Book Review: The City Baker’s Guide to Country Living

Once upon a time… I was a Book Blogger.

I had all this time to read and I LOVED it. I would spend ANY free time I had reading and most my nights up til the wee hours of the morning devouring books. It wasn’t uncommon for to read 3-5 books in a week. This little book blog became minorly successful and I began forming relationships with publishers and authors and being sent books for review. Which is basically a book lovers dream come true! Life took some turns and my passion for book blogging greatly diminished and my time for reading slowly went away.
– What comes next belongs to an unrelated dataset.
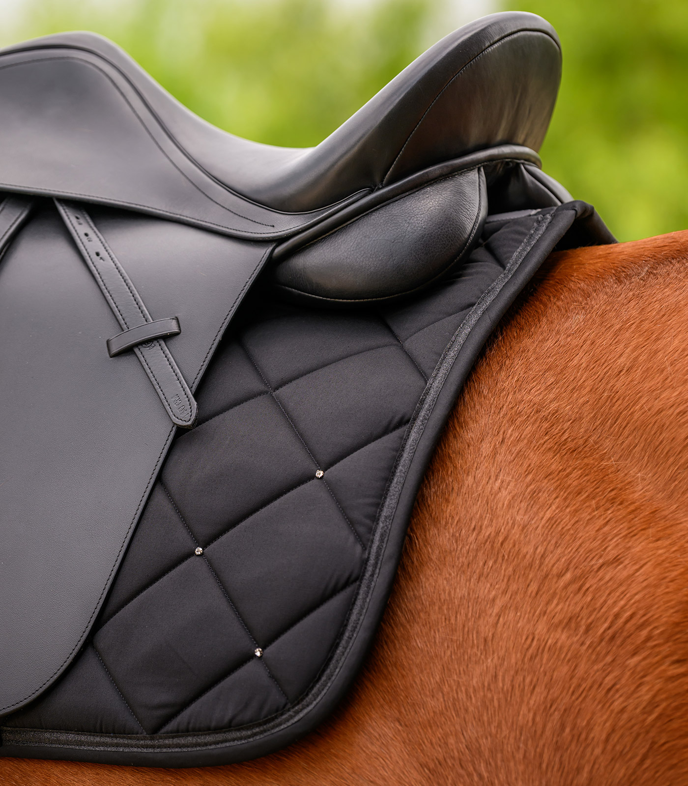 Chabraque d’excellente qualité ornée d’un ruban scintillant. De par l’ajout de strass scintillants, personne ne peut ignorer cette élégante chabraque. La face inférieure fonctionnelle assure une respiration optimale. Les 8 mm de mousse associés aux 250 g/m² d’ouate assurent une répartition optimale de la pression.

As you can imagine even more so, once I became a Mom.

However, I have still been lucky to receive some books to review. Although, admittedly I don’t get to the reviewing part of them very often. Around the end of November I was asked to read and review The City Baker’s Guide to Country Living: A Novel by Louise Miller and I am sure glad I did!

The blurb on the cover describes it as Gilmore Girls… but I would describe it as Hart of Dixie in Vermont, meets all your favorite Hallmark movies. It takes place within a year and has all the feel good moments, with a little mystery and some surprises along the way, mixed with of course romance. Personally, I could have read another 150 pages and really delved into the town and all the other characters besides just focusing on Olivia. The premise in short involves a city baker, (Olivia) who leaves her job after an embarassing incident and moves to a small town in Vermont to help the local innkeeper and to bake the best apple pie. Seems simple, but there is more to the story. It’s a cozy book and one that I would recommend for anytime of the year. Not just Winter. (Since the cover insinuates thats when this all takes place).